Print out the full material below, exact in every line, with no images included.
***** Supplied material *****
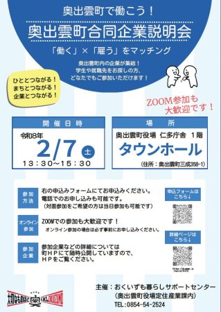奥出雲町内の17企業が集結し、合同企業説明会を開催します!
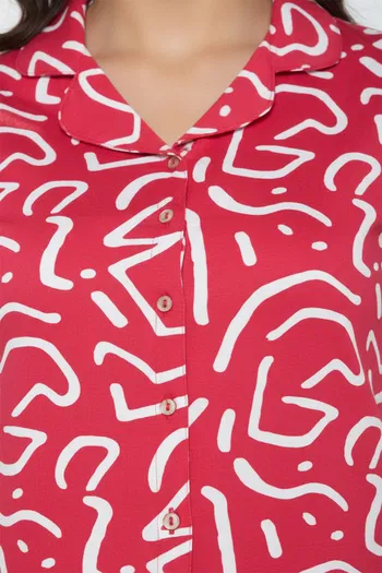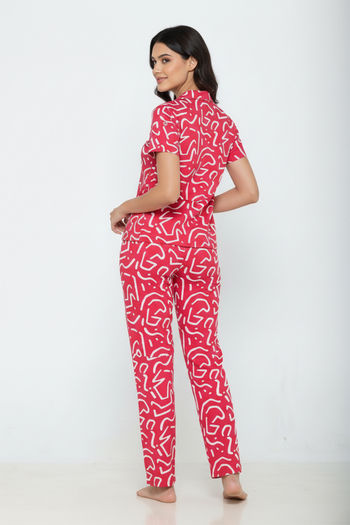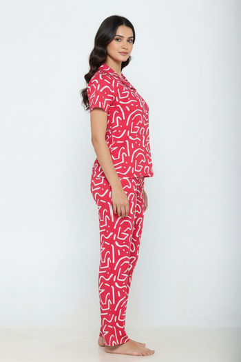 Zivame Knit Cotton Pyjama Set - Mars Red
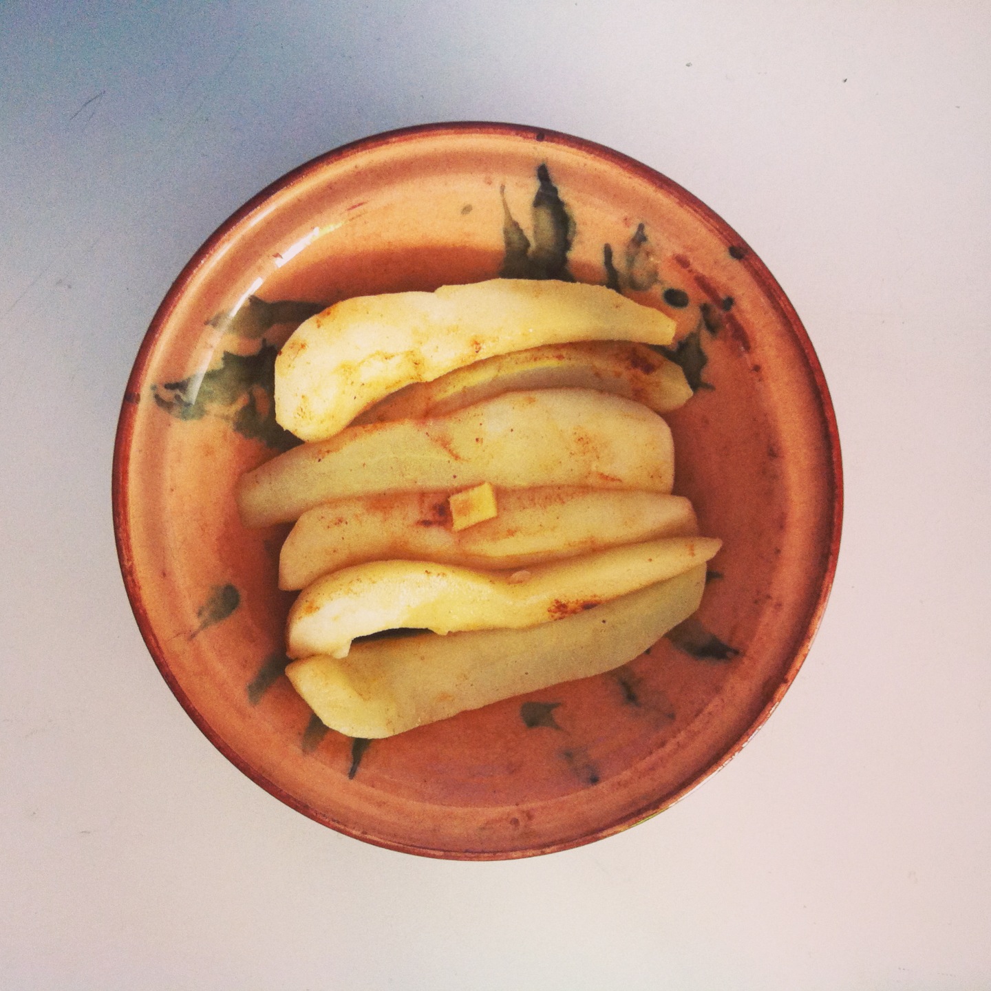 Σήμερα τα κατάφερα μια χαρά με τη μαγειρική, τα ξινόμηλα νοστίμισαν με το σωστό μαγείρεμα και την προσθήκη μούρων και σιροπιού σφενδάμου. Θα μου πείτε, αυτό δεν παχαίνει; Ναι, έχει θερμίδες, αλλά είναι φυσικό γλυκαντικό.
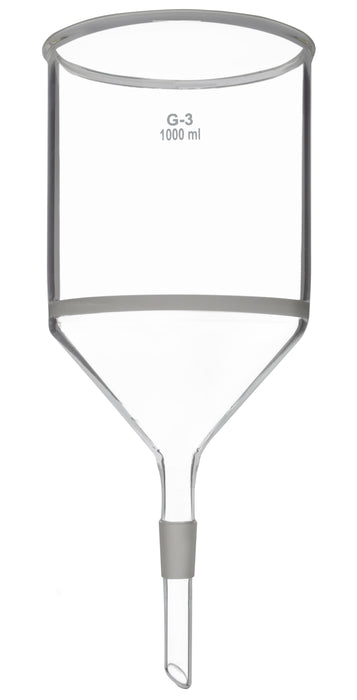 Buchner funnel is made of high-quality, heavy-duty 3.3 borosilicate glass and has a capacity of 1000ml. The funnel features a sintered disc with G-3 porosity and a jointed stem with a 19/26 cone size. It measures 12.5 inches in total height. The inner diameter of the body measures 4.85 inches (123mm), and the outer diameter measures 5.3 inches (134mm). The stem measures 4.3 inches in length, with an inner diameter of 10mm and an outer diameter of 13mm at the stem end. Eisco Labs' borosilicate glass has the following heat tolerances: strain point -515°C, annealing point 565°C, and softening point 820°C.
*****
● Exercise response
奥出雲町内の17企業が集結し、合同企業説明会を開催します!
 Zivame Knit Cotton Pyjama Set - Mars Red
 Σήμερα τα κατάφερα μια χαρά με τη μαγειρική, τα ξινόμηλα νοστίμισαν με το σωστό μαγείρεμα και την προσθήκη μούρων και σιροπιού σφενδάμου. Θα μου πείτε, αυτό δεν παχαίνει; Ναι, έχει θερμίδες, αλλά είναι φυσικό γλυκαντικό.
 Buchner funnel is made of high-quality, heavy-duty 3.3 borosilicate glass and has a capacity of 1000ml. The funnel features a sintered disc with G-3 porosity and a jointed stem with a 19/26 cone size. It measures 12.5 inches in total height. The inner diameter of the body measures 4.85 inches (123mm), and the outer diameter measures 5.3 inches (134mm). The stem measures 4.3 inches in length, with an inner diameter of 10mm and an outer diameter of 13mm at the stem end. Eisco Labs' borosilicate glass has the following heat tolerances: strain point -515°C, annealing point 565°C, and softening point 820°C.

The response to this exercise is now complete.